Для молодых людей был организован маскарад, в котором принял участие и Перетти. С некоторых пор Виттория избегала шумных развлечений, не пошла и на этот праздник, поскольку было известно, что он продлится до утра.
Мать, сославшись на нездоровье, рано ушла спать, и у Виттории появилась возможность снова насладиться уединением, которое было необходимо ей теперь, как никогда, и к которому она прибегала при первой возможности. От наблюдательного друга не ускользнуло бы, что она стала гораздо серьезнее, чем раньше, и юношеская шаловливость, придававшая ей столько очарования, появлялась у нее теперь очень редко. Сегодня вечером она предалась самым сладким грезам, поскольку ожидала прихода Браччиано, предвкушая провести наедине с ним несколько счастливых часов. Герцог настолько хорошо знал ее твердость, что больше не питал иллюзий и не делал никаких предложений, поэтому она могла доверять ему и себе, будучи уверена, что никакие мольбы и сладкие грезы в ночном уединении не изменят ее решения.
Урсула, посвященная в секрет, по условному знаку пустила в зал переодетого князя.

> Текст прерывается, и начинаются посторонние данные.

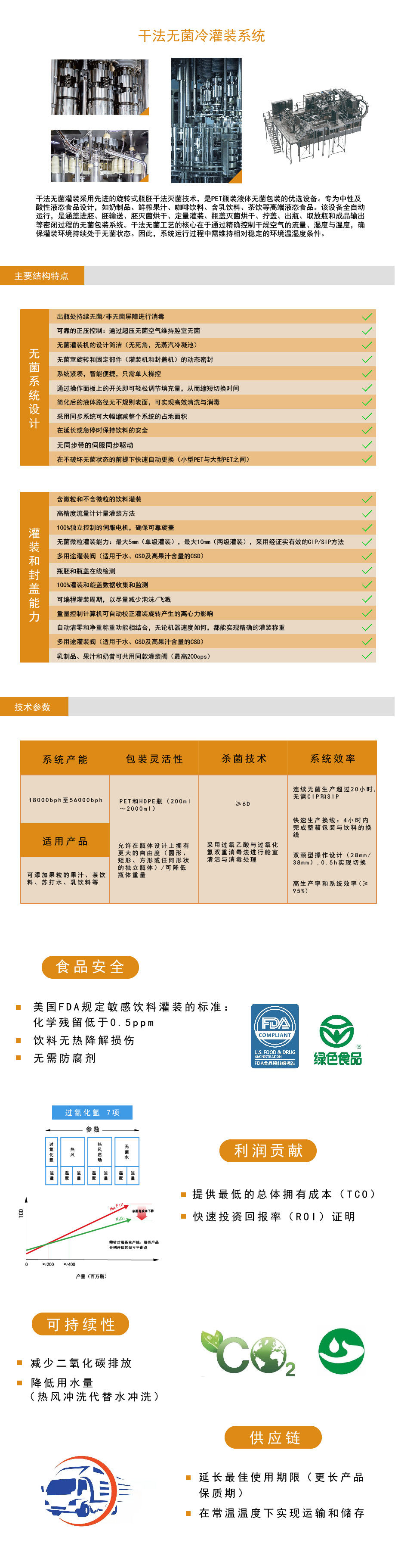 干法無菌灌裝采用***的旋轉(zhuǎn)式瓶胚干法滅菌技術,是PET瓶裝液體無菌包裝的優(yōu)選設備。專為中性及酸性液態(tài)食品設計,如奶制品、鮮榨果汁、咖啡飲料、含乳飲料、茶飲等高端液態(tài)食品。該設備全自動運行,是涵蓋進胚、胚輸送、胚滅菌烘干、定量灌裝、瓶蓋滅菌烘干、擰蓋、出瓶、取放瓶和成品輸出等密閉過程的無菌包裝系統(tǒng)。干法無菌工藝的核心在于通過***控制干燥空氣的流量、濕度與溫度,確保灌裝環(huán)境持續(xù)處于無菌狀態(tài)。因此,系統(tǒng)運行過程中需維持相對穩(wěn)定的環(huán)境溫濕度條件。

Виттория ждала его при свете свечи. Она приготовила несколько стихов, которые собиралась прочесть ему. Браччиано, настроенный торжественно и вместе с тем задумчивый и грустный, сел рядом с нею. Она охотно позволила ему обнять и поцеловать себя, и оба принялись затем говорить о милых и сладких пустяках, которые показались бы прочим людям слишком ничтожными, им придают значение лишь те, кто опьянен любовью.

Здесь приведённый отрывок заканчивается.